#### What you need to do
All records below should be repeated exactly, with the pictures left out.

Items from a data source

▶

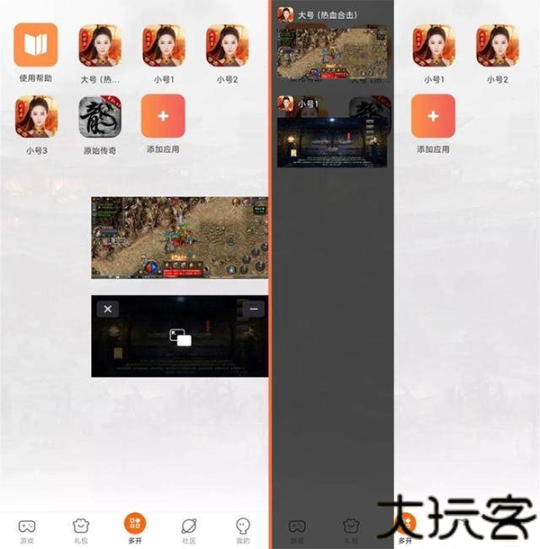 6、多开管理:需要开启其他应用的话,可以直接退回桌面,已经开启的应用就会以小浮窗的形式出现在手机上,重复添加应用、开启应用即可完成多个游戏/应用的多开。小浮窗内有最小化和全屏按钮,点击【X】即可关闭已经多开的应用,点击【-】可以最小化到侧边栏,点击中间【口】方框可以回到全屏画面。
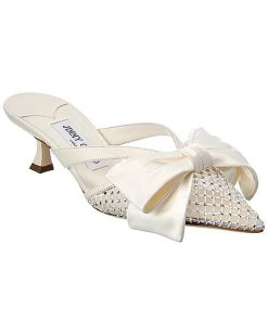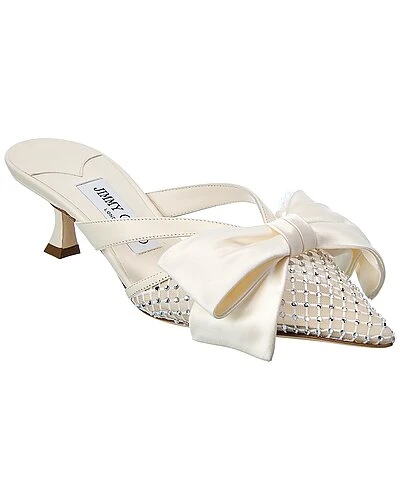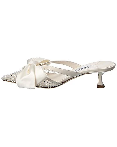 - Flaca 50 Mesh & Leather Mule in ivory crystal mesh and leather with satin bow
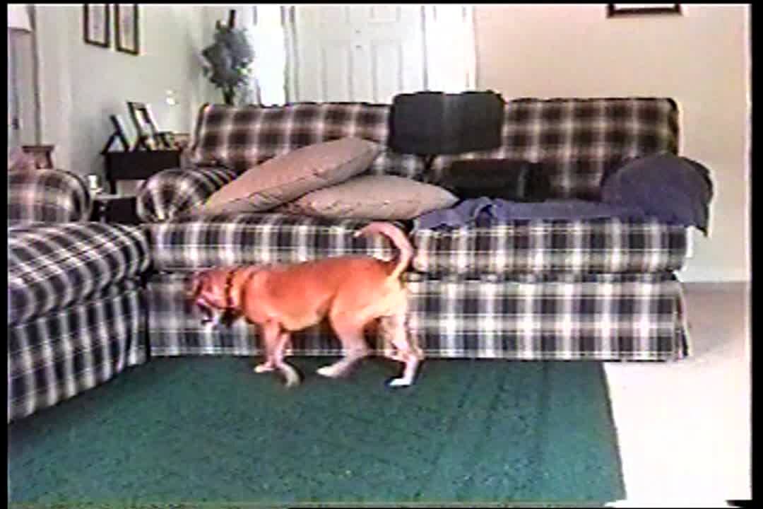 Big dog chases small dog/ Chihuahua around living room. Small dog runs under couch and through small opening that the big dog has a hard time getting through
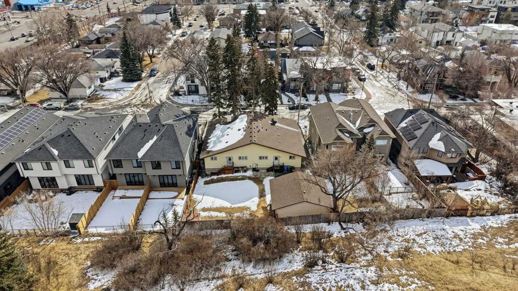 Positioned on a massive 73’ x 130’ lot backing directly onto green space, this full duplex presents a compelling opportunity for builders, investors or renovators in the highly desirable community of West Hillhurst. A flexible configuration with 2 main level dwellings and an additional illegal basement suite creates 3 separate living spaces while offering long-term redevelopment potential on an oversized inner-city parcel. Mature trees frame the property while the green space behind removes rear neighbours, creating a sense of openness and privacy rarely found this close to the city core. Both main level homes feature functional and spacious layouts designed for comfortable everyday living. Large front foyers welcome residents and guests while creating practical separation from the main living areas. Bright living and dining spaces centre around striking wood burning fireplaces encased in stone, delivering warmth, character and a natural gathering place during colder months. Patio sliders extend the living space outdoors to front facing balconies where sunny south exposure provides an ideal setting for morning coffees or evening relaxation. The kitchens are efficiently arranged with stainless steel appliances, generous cabinetry, ample counter space and dedicated breakfast nooks that support casual meals and daily routines. Each main level residence includes a primary bedroom with its own private 2-piece ensuite, eliminating the need for late night trips down the hall, along with 2 additional bedrooms and a full 4-piece bathroom. Lower level space under Unit 2530 remains largely unfinished aside from a spacious foyer entry, leaving significant storage capacity or future development possibilities. A separate illegal basement suite under Unit 2532 expands the property’s flexibility with its own living room featuring a wood burning fireplace, full kitchen, 1 bedroom and a 4-piece bathroom. Outdoor space is equally impressive with a huge fenced backyard that backs directly onto green space for added privacy and uninterrupted sightlines. An oversized double detached garage is complemented by an extra long driveway, creating abundant off-street parking for residents and guests. The location further strengthens the property’s appeal within this established inner-city neighbourhood, minutes from downtown while still offering quick access to the Bow River pathway system, nearby parks, schools and the vibrant shops and restaurants of Kensington. Sizeable lots, mature streetscapes and ongoing redevelopment continue to support strong long-term value in this sought-after community.
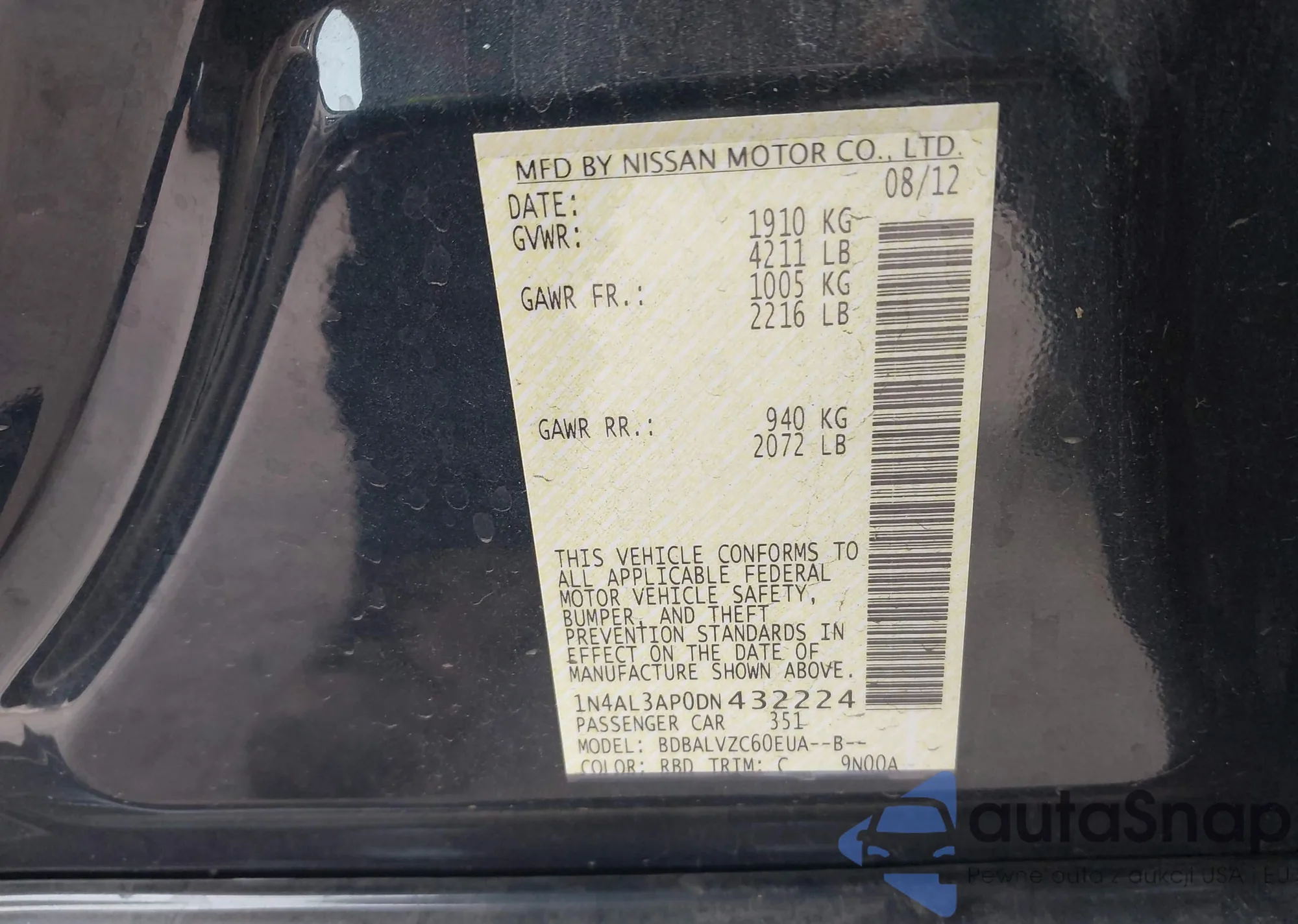 • VIN 1N4AL3AP0DN432224

◀

#### Solution to the exercise
 6、多开管理:需要开启其他应用的话,可以直接退回桌面,已经开启的应用就会以小浮窗的形式出现在手机上,重复添加应用、开启应用即可完成多个游戏/应用的多开。小浮窗内有最小化和全屏按钮,点击【X】即可关闭已经多开的应用,点击【-】可以最小化到侧边栏,点击中间【口】方框可以回到全屏画面。
 - Flaca 50 Mesh & Leather Mule in ivory crystal mesh and leather with satin bow
 Big dog chases small dog/ Chihuahua around living room. Small dog runs under couch and through small opening that the big dog has a hard time getting through
 Positioned on a massive 73’ x 130’ lot backing directly onto green space, this full duplex presents a compelling opportunity for builders, investors or renovators in the highly desirable community of West Hillhurst. A flexible configuration with 2 main level dwellings and an additional illegal basement suite creates 3 separate living spaces while offering long-term redevelopment potential on an oversized inner-city parcel. Mature trees frame the property while the green space behind removes rear neighbours, creating a sense of openness and privacy rarely found this close to the city core. Both main level homes feature functional and spacious layouts designed for comfortable everyday living. Large front foyers welcome residents and guests while creating practical separation from the main living areas. Bright living and dining spaces centre around striking wood burning fireplaces encased in stone, delivering warmth, character and a natural gathering place during colder months. Patio sliders extend the living space outdoors to front facing balconies where sunny south exposure provides an ideal setting for morning coffees or evening relaxation. The kitchens are efficiently arranged with stainless steel appliances, generous cabinetry, ample counter space and dedicated breakfast nooks that support casual meals and daily routines. Each main level residence includes a primary bedroom with its own private 2-piece ensuite, eliminating the need for late night trips down the hall, along with 2 additional bedrooms and a full 4-piece bathroom. Lower level space under Unit 2530 remains largely unfinished aside from a spacious foyer entry, leaving significant storage capacity or future development possibilities. A separate illegal basement suite under Unit 2532 expands the property’s flexibility with its own living room featuring a wood burning fireplace, full kitchen, 1 bedroom and a 4-piece bathroom. Outdoor space is equally impressive with a huge fenced backyard that backs directly onto green space for added privacy and uninterrupted sightlines. An oversized double detached garage is complemented by an extra long driveway, creating abundant off-street parking for residents and guests. The location further strengthens the property’s appeal within this established inner-city neighbourhood, minutes from downtown while still offering quick access to the Bow River pathway system, nearby parks, schools and the vibrant shops and restaurants of Kensington. Sizeable lots, mature streetscapes and ongoing redevelopment continue to support strong long-term value in this sought-after community.
 • VIN 1N4AL3AP0DN432224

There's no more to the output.